Making of #IAN - Technical Appendix
TL;DR: Preprocessing text, fine-tuning with Google TRC and deploying. Not a lot of jokes.
When I published the Making of #IAN post last weekend, I thought it would be fine to skip the technical details, because, really - who cares? Boy was I wrong1. A lot of people reached out to me and asked me for details of how I did it2. I have a lot of other cool things I want to show you on this Substack, but providing more details on the process of building a #IAN appears to be reasonably high-priority. So, here it is, the “technical appendix”.

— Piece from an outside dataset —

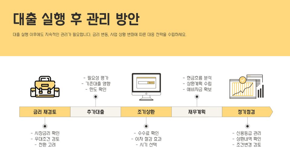 - 대출 조건과 상환 방식을 반드시 확인할 것.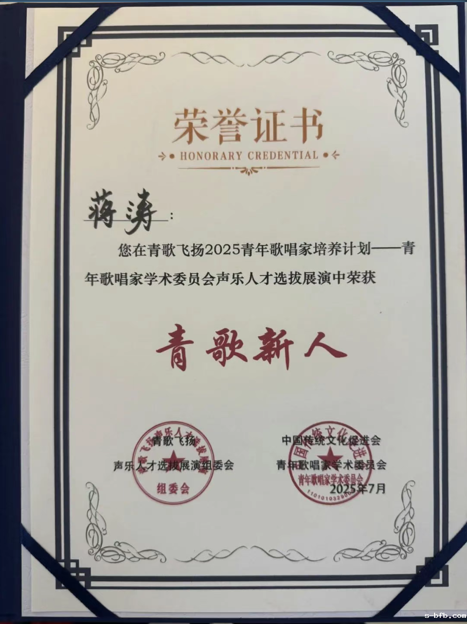 近日,我院优秀青年演员蒋涛凭借精彩的安徽民歌演绎,在“青歌飞扬”2025青年歌唱家培养计划声乐人才选拔展演中崭露头角,荣获民族组“青歌新人”荣誉称号。

Extracting and preprocessing text.
First you want to collect the text to finetune your language model. This part is fiddly. But I think there is no way around that - the relevant data is spread over different platforms3 with different formatting that require different tools for extraction. Really, I think it’s almost surprising that this kind of information pooling is possible at all. Language is great.
In the next paragraphs I provide a high level description of what I did for each platform, but if you prefer jumping straight into the code, here is a Github repository.
Roam Research. I exported the database as one large .json file which I then stripped all metadata. I recursively traversed the json using this function and searched for the key string
. As postprocessing, it makes sense to either delete all block references (that's what I did) or to replace them with their reference (this obviously introduces duplicates to your training set and increases overfitting). Some Roam js plug-ins like the RoamEnhancement pdf highlighter introduces a lot of redundant code to your graph, consider removing this as well in preprocessing.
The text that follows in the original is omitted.